Y a nosotros, a los que queremos seguir su camino, esta expresión se nos ha hecho tan familiar que ha quedado como impresionada en nuestro interior, de modo que nos sentimos llamados a practicarla. Así nos lo recuerda nuestro Libro de las Constituciones y Ordenaciones, tomándolo de las Constituciones primitivas:
"... sigan las huellas de su Salvador, hablando con Dios o de Dios en su propio interior o al prójimo" (LCO 1§ II).
Al recorrer la vida de Sto. Domingo, nos damos cuenta de que, entre otras muchas cosas, también es nuestro maestro de oración. Los testigos de su proceso de canonización lo señalan como un hombre de profunda oración en todos los momentos. "A los primeros seguidores de Domingo, dotados de un exquisito sentido espiritual, no podía escapárseles el gran espíritu de oración de su Santo Padre. Los más atrevidos iban a espiarle durante la noche, escondidos en un ángulo de la Iglesia, y lo seguían en los continuos momentos de oración. Cuando se encontraba en el convento dedicaba la noche a la oración..." ("Los nueve modos de orar", Fr. Pedro Blanco, Ed. San Esteban). Gracias a todas estas observaciones de los frailes, han llegado hasta nosotros sus "modos de orar".

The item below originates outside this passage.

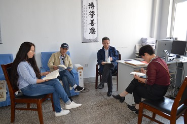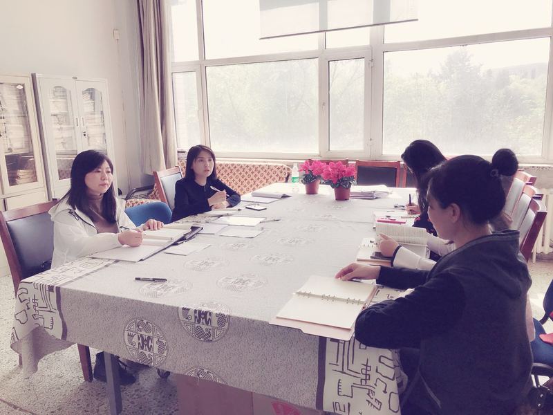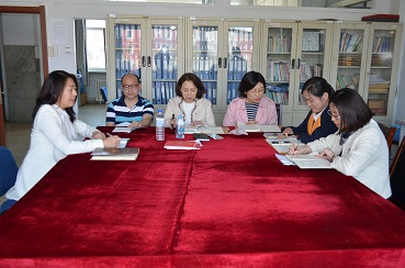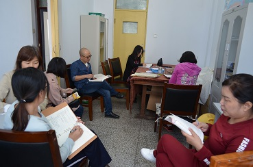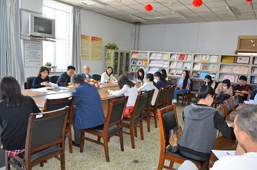 在资料室召开会议,布置新教材集体备课相关工作,学院领导班子和全体教师参加了会议。
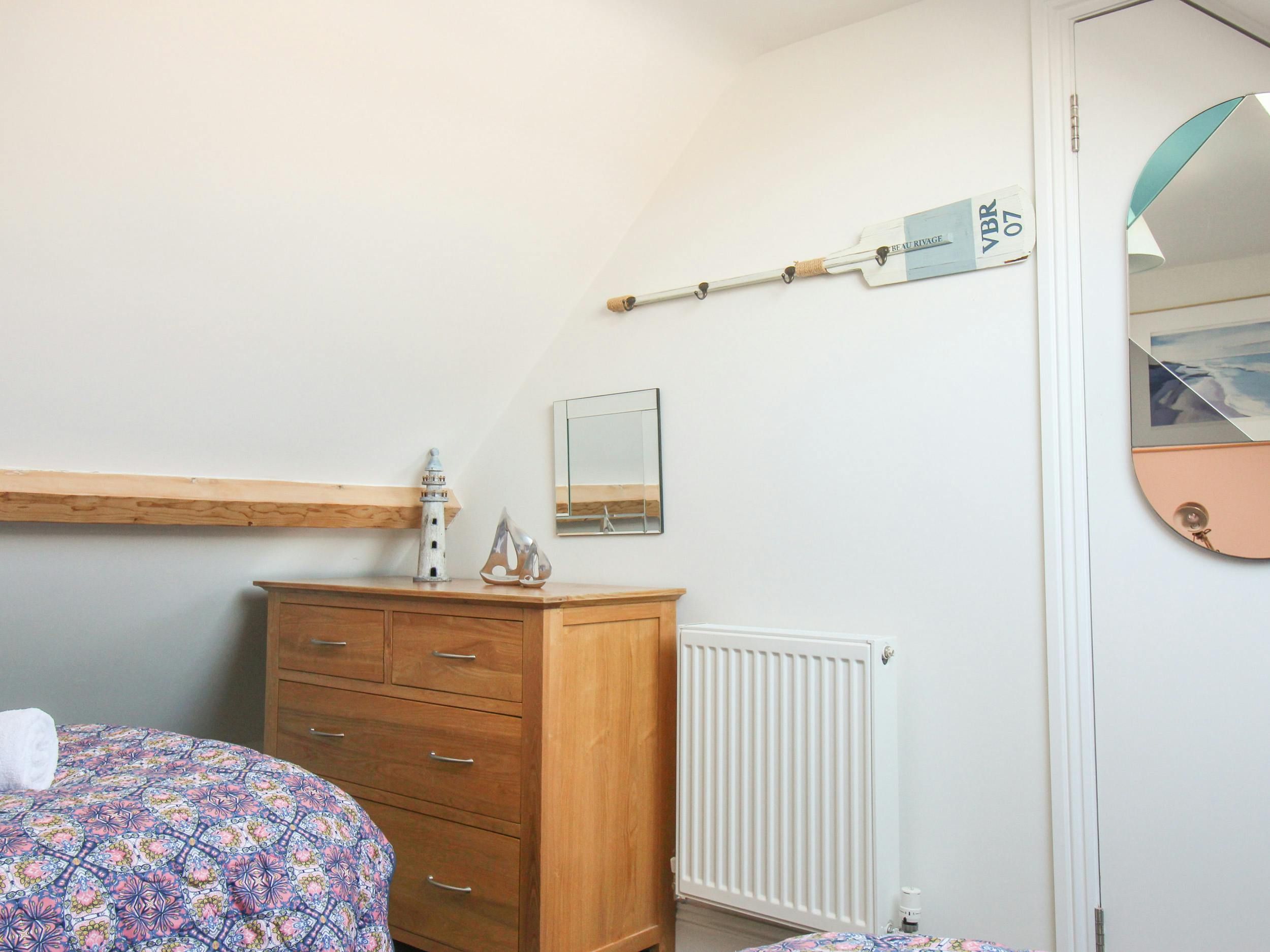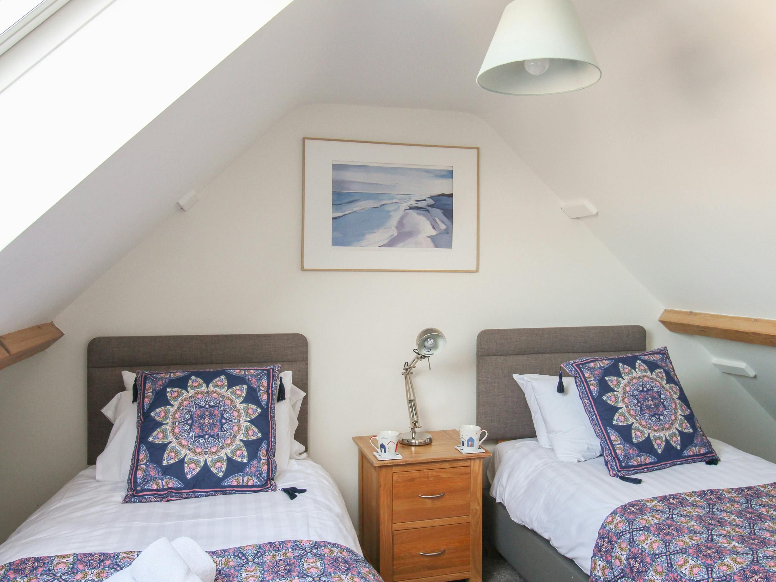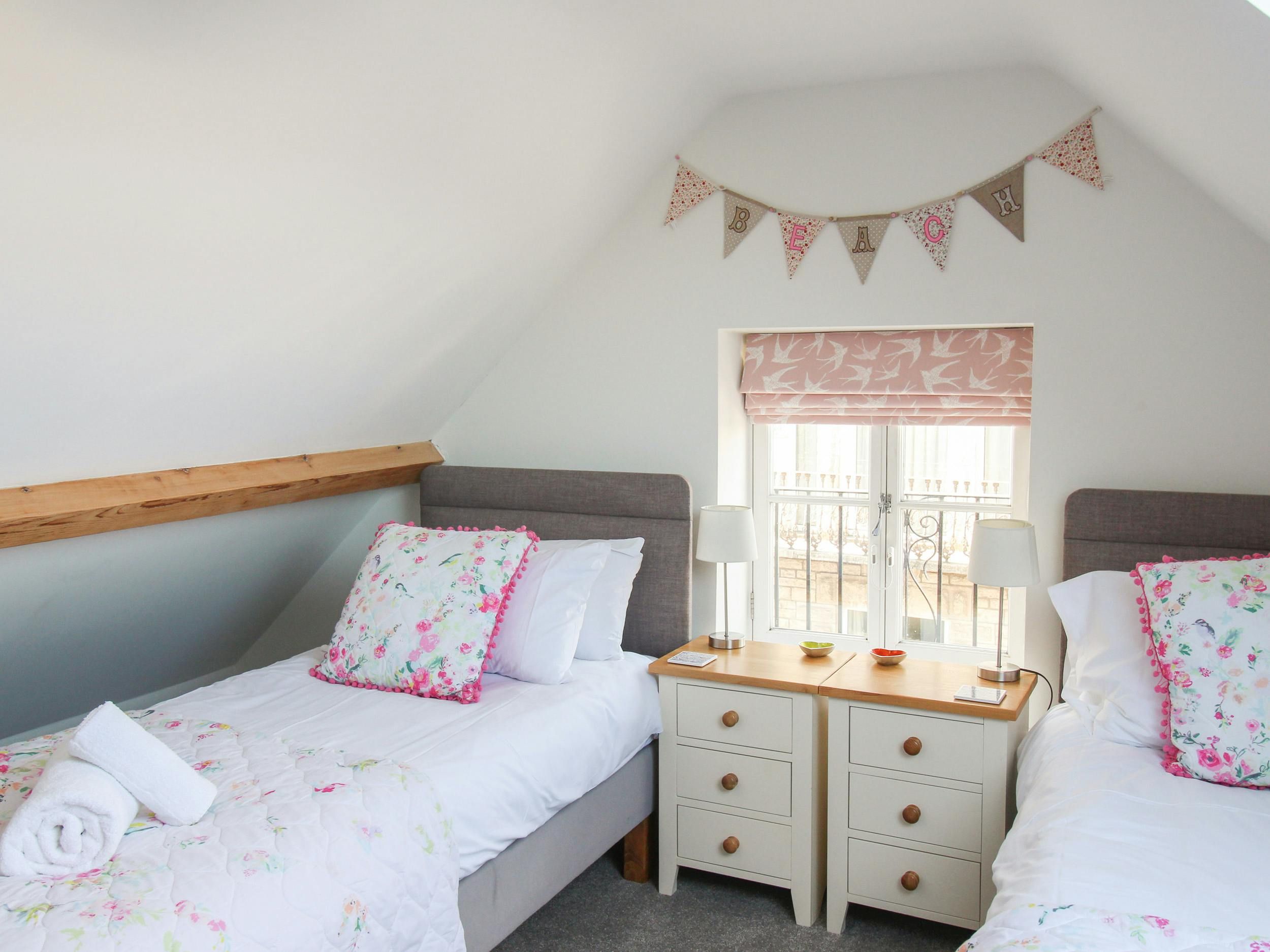 *Please note that the en-suite bathroom is under the stairs and has limited ceiling height that may not suit taller guests. The top-floor twin bedrooms and bathroom also have sloped ceilings and limited headroom.

Santo Domingo era un gran orante, y no por casualidad, pues sabemos que dedicaba muchos momentos a la plegaria y, además, estudiaba acerca de la misma oración.
Sabemos que tenía como libro de cabecera las Colaciones de Casiano (360-431), monje en un monasterio de Belén y fundador de otros dos monasterios cerca de Marsella; las dos obras que de él nos han llegado, Instituciones y Collationes, han ejercido una gran influencia en la organización de la vida monástica y religiosa de occidente, y se habla mucho y bien de la oración.
Pero, además, sabe espigar en otros autores y buscar en ellos lo que siente que es exigencia de Dios para con él. Y esto sucede con la mismísima frase que encabeza nuestro trabajo, a saber, "hablar con Dios o de Dios", convertida en programa de vida. Se sabe que no se debió al propio Domingo, sino que este la tomó de San Esteban de Muret (1048-1124), fundador de la Orden de Grandmont.
Los grandmontanos fueron fundados en 1076 en la diócesis de Limoges (Francia); eran monjes que vivían su vida eremítica y contemplativa bajo la Regla de San Benito. Desaparecieron en el siglo XVIII con los avatares previos a la Revolución Francesa.
Santo Domingo hace tan suya esta expresión que, como ya hemos señalado, aparecerá recogida entre los testigos del proceso de canonización y también en las primitivas Constituciones de la Orden.